Military.com / Tucker Carlson interview, March 18, 2026
Sen. Cory Booker (D-NJ)
Senate Foreign Relations Committee
“I think what we are witnessing here is the most monumental strategic stupidity exhibited by any president in our lifetime.”
MSNBC Rachel Maddow Show, March 16, 2026
Sen. Elizabeth Warren (D-MA)
Senate Armed Services Committee
“A war based on lies. A war launched with no imminent threat to our nation.”
Senate floor speech, March 3, 2026
Sen. Tammy Duckworth (D-IL)
Retired Lt.

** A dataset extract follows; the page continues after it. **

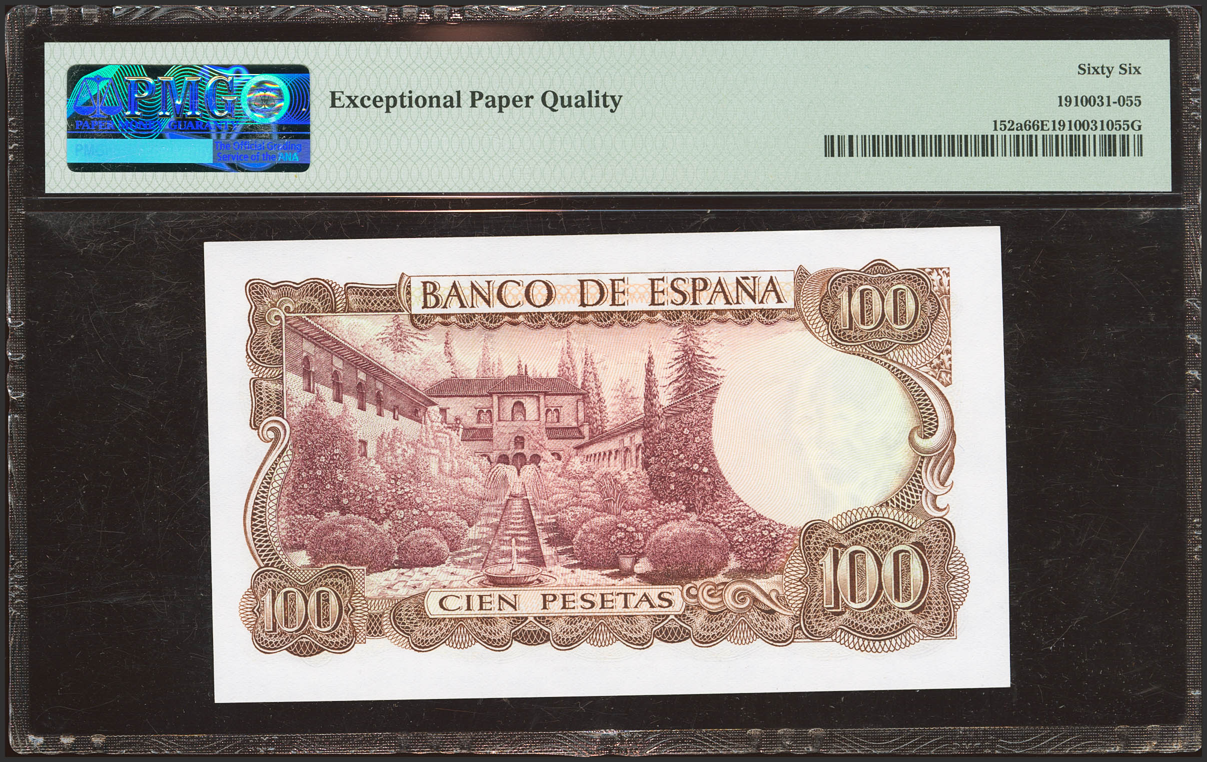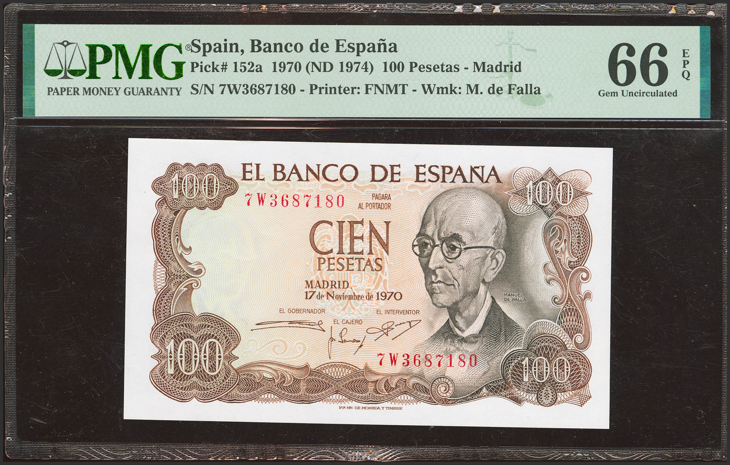 100 Pesetas. 17 de Noviembre de 1970. Serie 7W, última serie emitida. (Edifil 2023: 472c, Pick: 152a). Apresto original. SC. Encapsulado PMG66EPQ.

Colonel, Army helicopter pilot
“We’re here to stop a man who was never brave enough to serve in uniform himself from using our heroes as cannon fodder.”
Senate Democrats war powers vote, March 25, 2026
Sen. Rand Paul (R-KY)
Republican — voted for war powers resolution
“War should be a last resort, not our first move. A war of choice is not my choice.”
X/Twitter, March 2026
Sen. Mark Warner (D-VA)
Vice Chair, Senate Intelligence Committee
“There was no credible evidence of an imminent threat from Iran that would justify rushing the United States into another war of choice in the Middle East.”
CNBC, March 17, 2026
Aaron David Miller
Senior Fellow, Carnegie Endowment for International Peace; former Middle East adviser to Republican and Democratic secretaries of state
“If the war stopped tomorrow, this constitutes a historic strategic defeat for the U.S., especially when this was a war of choice.”
PBS NewsHour, April 10, 2026
Rep. Ruben Gallego (D-AZ)
Marine infantry veteran, Iraq
“I watched my brothers die in Iraq for a mission that was never clearly justified to the American people, and I came home carrying the weight of that.”
Task and Purpose, March 2026
Sen. Tim Kaine (D-VA)
Senate Foreign Relations Committee
“The administration has made no claim that any previous authorization gives them the power to wage this war. There was zero evidence of imminence.”
CNBC, March 9, 2026
Sen. Chris Van Hollen (D-MD)
“Trump is lying to the American people as he launches an illegal, regime-change war against Iran.”
NPR, March 4, 2026
Ret. Col. Joe Buccino
Army, 27 years, former CENTCOM spokesman
“They’re completely diminishing what they’re asking the nation to do in Iran. It seems almost obscene relative to the actual violence and suffering that’s involved.”
Washington Post, March 25, 2026
Kenneth Roth
Former Executive Director, Human Rights Watch
“Trump is openly threatening collective punishment, targeting not the Iranian military but the Iranian people. Attacking civilians is a war crime. So is making threats with the aim of terrorizing the civilian population.”